Фосфоресцирующие пластины ночников бывают разных оттенков, а у некоторых способны менять оттенок, вследствие сложных процессов, происходящих в их кристаллической решётке, и сейчас Винтари был бы, наверное, рад, если б у этих был какой-то другой оттенок, более тёплый. Бирюзовый отсвет в глазах Дэвида показался ему в какой-то момент чрезмерно инфернальным, он поймал себя на том, что зябко ёжится. Рядом с братом, с существом, которое ему ближе всех живших когда-либо существ?
– Я тем и успокаиваю себя, Диус. У меня дурные предчувствия… сложно сказать, чего. Я
– Что тебе снилось? Ты можешь хоть раз рассказать без долгих выпытываний, что тебе снилось?
Плечи Дэвида поникли, он опустил голову, и стало немного полегче - не видя этого инфернального блеска… Как хорошо, что центаврианам лгать не запрещено. Не придётся признаваться, что никакого крика он не слышал, он сам приотворил дверь, чтобы… чтобы опять проклинать себя за это. Успокаивая тем, что ведь это правда, Дэвиду не раз снились кошмары, и хорошо, если кто-то окажется рядом… Самый изощрённый самообман, и он почти удачен.
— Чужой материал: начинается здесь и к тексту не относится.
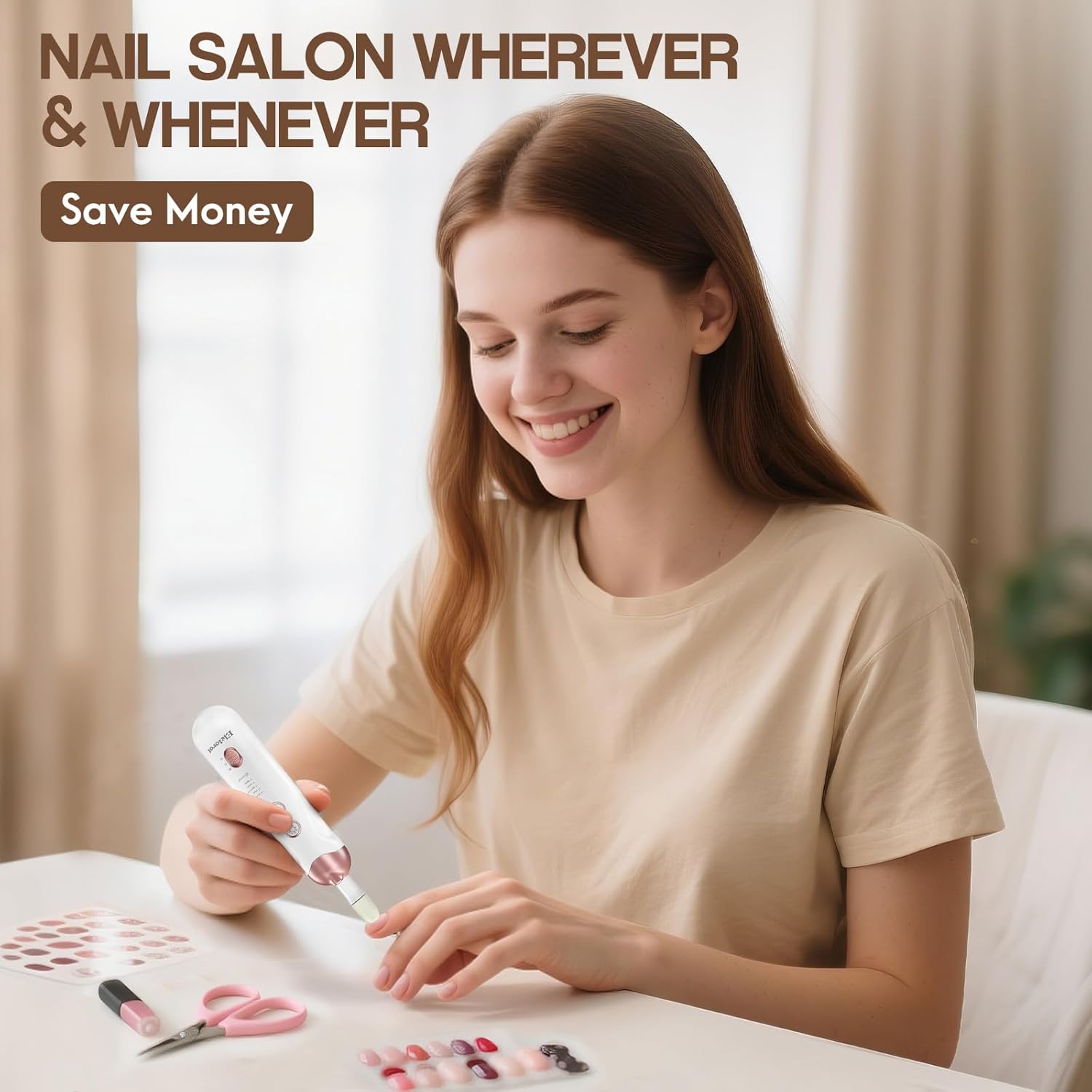 Professional Manicure and Pedicure Set: Designed for hand and foot care experience at home, the salon-quality electric nail file for women is suitable for trimming, grinding and polishing natural nails and thick nails. It also effectively removes cuticles, calluses, dead skin, corns, and hard skin, giving you healthy and neat nails, as well as comfortable hand and foot care.

– Я сам виноват, понимаю. Своим постоянным беспокойством, которое ты принимаешь за осуждение, видимо… Но ведь если ты не будешь рассказывать, это не исчезнет.
– Но по крайней мере, это останется только моим беспокойством, а не и твоим тоже.
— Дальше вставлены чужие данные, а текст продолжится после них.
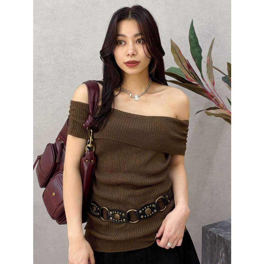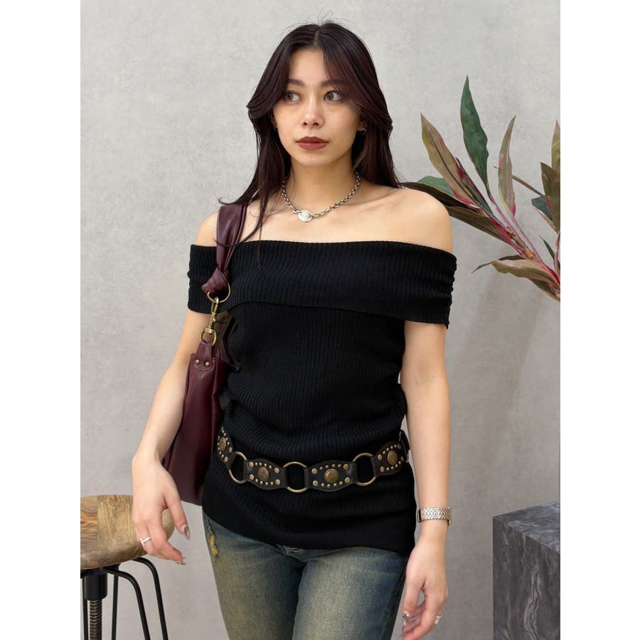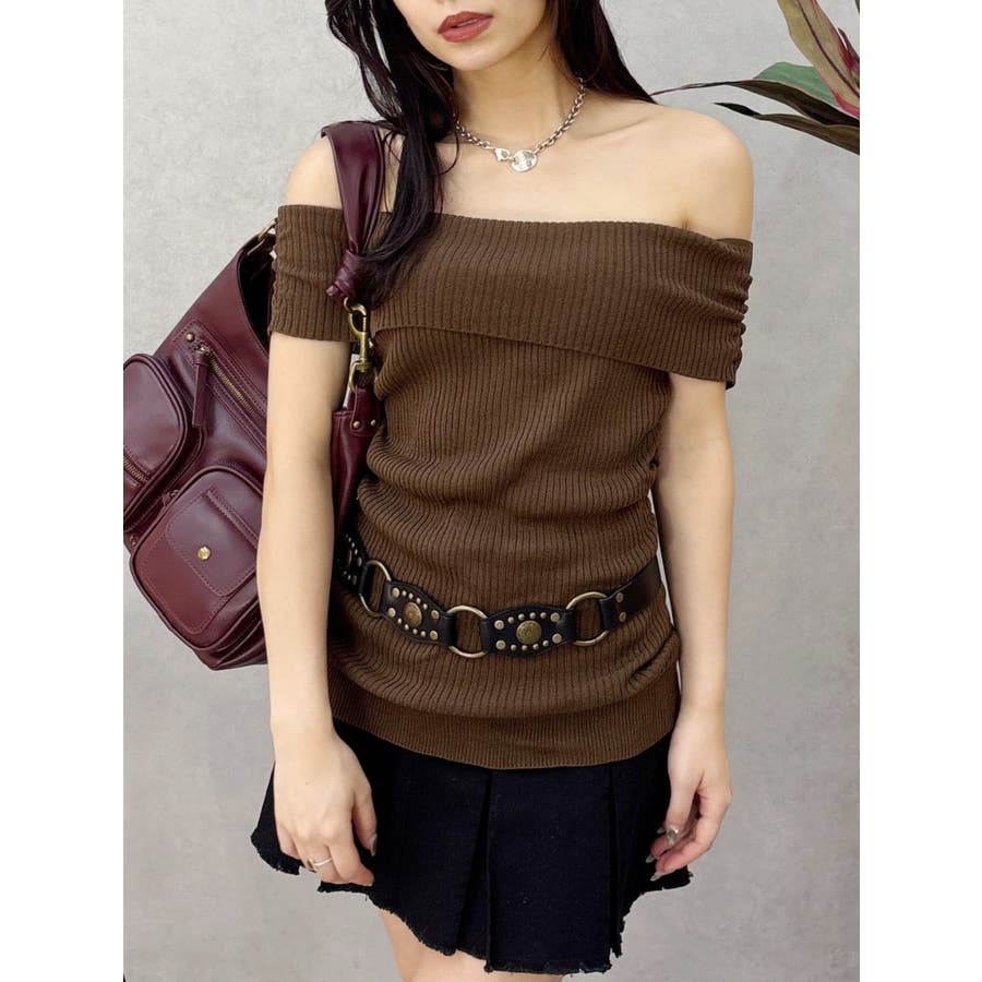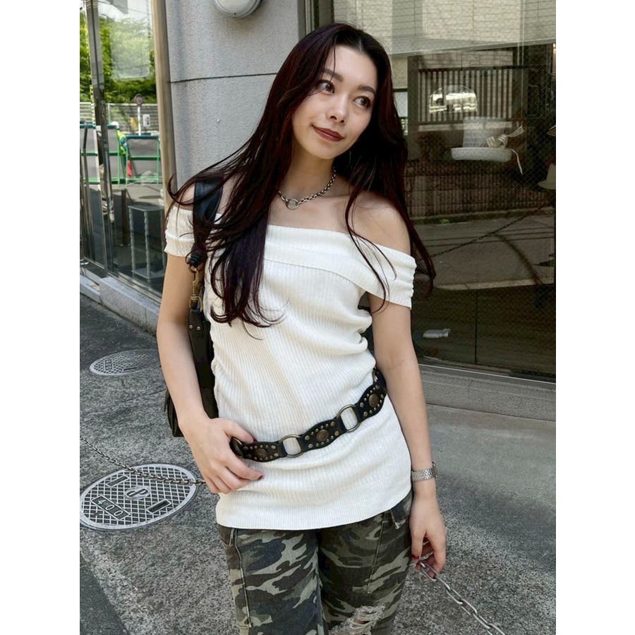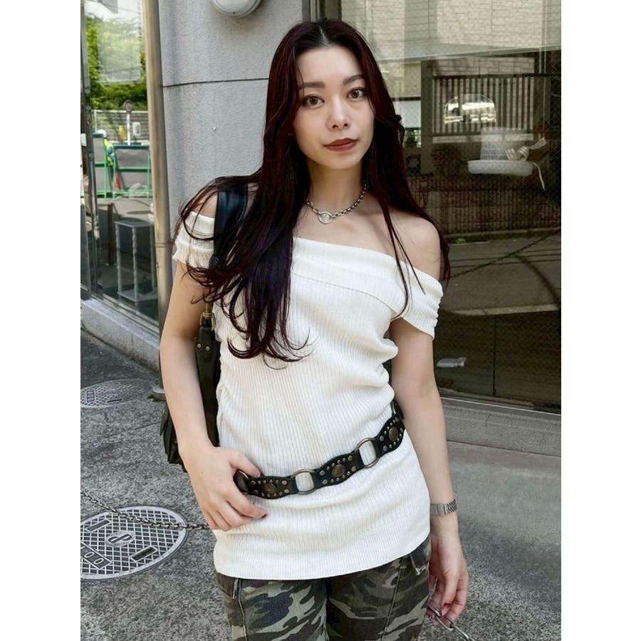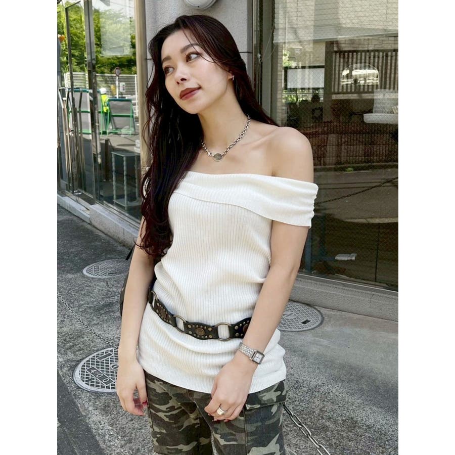 ■デザイントレンドのオフショルデザインのニットトップスです。シャリ感のある素材で夏でも着用しやすいサマーニットです。ウエスト部分にはシャーリングを入れておりスタイルアップ効果があります。 ■スタイリングヒップまで隠れるチュニック丈で、上からベルトを付けたスタイリングが90年代ギャル風に着こなせておすすめです。ボトムはワイドやフレアデニム、ミニボトム、どんなアイテムとも合わせやすいです。--------------裏地:なし 生地の厚み:やや薄手伸縮性:あり--------------
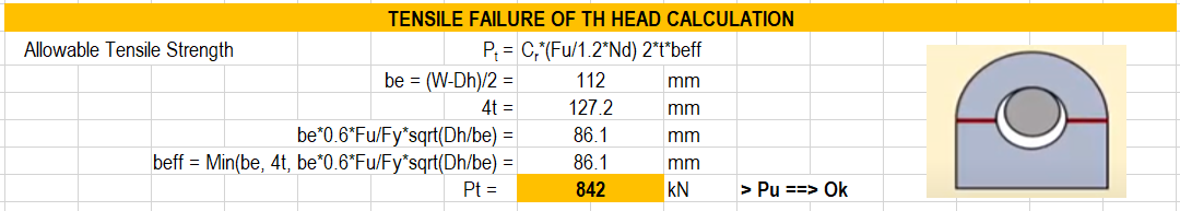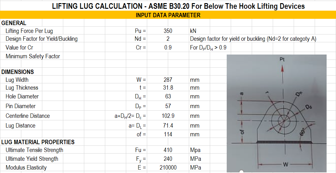 Dengan hand calculation, distribusi tegangan actual tidak dapat dihitung secara akurat sebagaimana perhitungan denga metode elemen hingga (FEM), tetapi dengan memperhitungan sejumlah parameter terkait dengan kemungkinan kegagalan dari lifting lug maka kapasitas dapat ditentukan. Paremeter terkait kapasitas yang dimaksud terdiri dari; tension failure of the head, single plane failure, double plane share failure, pin bearing failure, attaching weld connection failure serta lateral bending failure. Semua model keruntuhan secara jelas dapat dilihat pada gambar yang kami cantumkan pada contoh perhitungan.
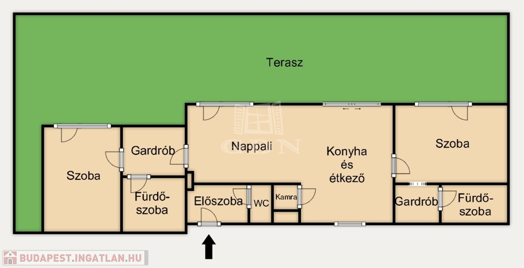 -Mindkét hálóhoz saját gardrób és külön fürdőszoba tartozik (egyik káddal, másik zuhanyzóval), valamint közvetlen teraszkijárattal

– И какой в этом смысл? Дэвид, сны - это только сны. Мы, центавриане, верим в вещие сны - и что ты мне на этот счёт говорил раз за разом? То же могу сказать и я тебе.
– Я знаю. Именно поэтому я не говорю… Зачем? Сны - всего лишь сны. Даже если бывают иногда… беспокойными. Но ни один из них не обязан быть вещим. Это только отражение наших страхов. С наступлением дня они отступают…
Страхов? Если б было именно так, шептал Винтари, бессонными глазами следя, как светлеет потолок, вслед за небом за окном. Со страхами как-то проще… Сны не обязаны быть вещими, всё верно. Не только кошмары, любые. И не было сил даже сейчас, по пробуждении, повторять себе: это было только раз, было по надобности, нет ничего правильного в том, чтобы желать испытать это снова…
Но сны не бывают правильными или нет, они просто захватывают слабое сознание, просто сталкивают лицом к лицу с самым желанным и самым недопустимым, просто возрождают в памяти тот день – на Тучанкью, в Нэлшо Экуа, когда пошёл жёлтый тучанкский снег. Такой крупный и пушистый, совсем не похожий на снег, похожий на капли солнца, льющиеся с небес. И они выбежали играть в снежки – оба весьма примерно представляющие, как это делается, получившие лишь некоторые уроки от детей Ледяного Города, и Зак смеялся, что и к игре они относятся, как ко всему неизведанному, очень серьёзно и основательно, и Дэвид, раскинув руки, ловил ртом снежинки – а ведь может быть, этот снег токсичен, они ведь не знают, что за частицы придали ему этот цвет, но невозможно удержаться от порыва ловить этот снег губами… Как во сне невозможно удержаться от порыва целовать эти губы с пьянящим вкусом сказочного, невозможного солнечного снега…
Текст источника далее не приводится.